Identificação e contexto básico

Naâmir é um nome de pena, adotado pelo poeta brasileiro, cujo nome de registo não é público. É um autor contemporâneo, cuja obra tem vindo a ganhar destaque na cena literária portuguesa e brasileira. Escreve em português.

Infância e formação

Informações sobre a infância e formação do poeta não são amplamente divulgadas, mantendo um certo mistério em torno das suas origens e percurso educativo. Acredita-se que a sua sensibilidade poética tenha sido moldada por experiências pessoais e um profundo contacto com a natureza e a arte.

Percurso literário

O percurso literário de Naâmir iniciou-se discretamente, com a publicação de poemas em plataformas online e pequenas antologias. A sua obra, no entanto, rapidamente chamou a atenção pela maturidade e profundidade, levando à publicação de livros que consolidaram a sua voz no panorama poético atual.

Obra, estilo e características literárias

Obra, estilo e características literárias As obras de Naâmir caracterizam-se por uma forte veia lírica, explorando temas universais como o amor, a saudade, a efemeridade do tempo e a busca por um sentido mais profundo da existência. Utiliza frequentemente metáforas e simbolismos para evocar emoções e paisagens interiores, numa linguagem que conjuga a simplicidade com uma densidade imagética notável. O verso livre é uma escolha recorrente, permitindo uma maior liberdade expressiva e um ritmo mais próximo da oralidade e do pensamento. O tom poético é, na maioria das vezes, confessional e introspectivo, convidando o leitor a uma partilha de sentimentos e reflexões.

Obra, estilo e características literárias

Contexto cultural e histórico Naâmir insere-se na poesia contemporânea, dialogando com as inquietações e sensibilidades do século XXI. A sua obra reflete uma preocupação com a condição humana na era moderna, marcada pela globalização, pela tecnologia e por uma crescente sensação de isolamento, mesmo em meio à conectividade.

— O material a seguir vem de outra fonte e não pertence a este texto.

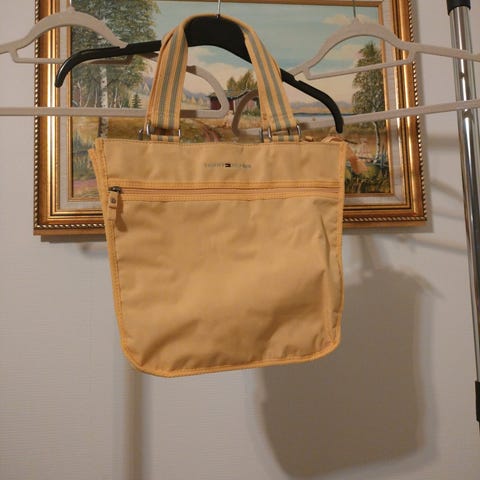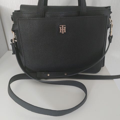 Tommy Hilfiger kangaslaukku naisille, ruskea väri. Laukussa on kaksinkertaiset kantokahvat ja säädettävä olkahihna. Vetoketju ja koristeelliset metalliosat. Laukku sopii arkeen ja vapaa-aikaan.

Obra, estilo e características literárias

Vida pessoal O poeta tem mantido a sua vida pessoal resguardada, focando a atenção na sua obra. Esta reserva contribui para um aura de mistério, que por vezes se reflete na exploração de temas como a intimidade e a subjetividade na sua poesia.

Obra, estilo e características literárias

Reconhecimento e receção Embora seja um autor relativamente recente, Naâmir tem vindo a angariar um reconhecimento crescente por parte da crítica e do público. A sua poesia é elogiada pela autenticidade, pela capacidade de emocionar e pela qualidade estética, conquistando um lugar de destaque entre os poetas contemporâneos de língua portuguesa.

Obra, estilo e características literárias

Influências e legado As influências de Naâmir parecem abranger tanto a tradição lírica da poesia em língua portuguesa como as tendências da poesia contemporânea global. O seu legado está em construção, mas a sua obra já aponta para uma capacidade de renovação da linguagem poética, oferecendo uma perspetiva sensível e profunda sobre as complexidades da vida atual.

Obra, estilo e características literárias

Interpretação e análise crítica A obra de Naâmir tem sido interpretada como um espelho das ansiedades e esperanças da contemporaneidade. A análise crítica tem focado na sua habilidade em transformar experiências pessoais em reflexões universais, abordando temas existenciais com uma delicadeza e força lírica singulares.

Obra, estilo e características literárias

Curiosidades e aspetos menos conhecidos O uso de um pseudónimo, a ausência de informações biográficas detalhadas e a forma como a sua obra se manifestou inicialmente em plataformas digitais são alguns dos aspetos que conferem um carácter enigmático à figura de Naâmir.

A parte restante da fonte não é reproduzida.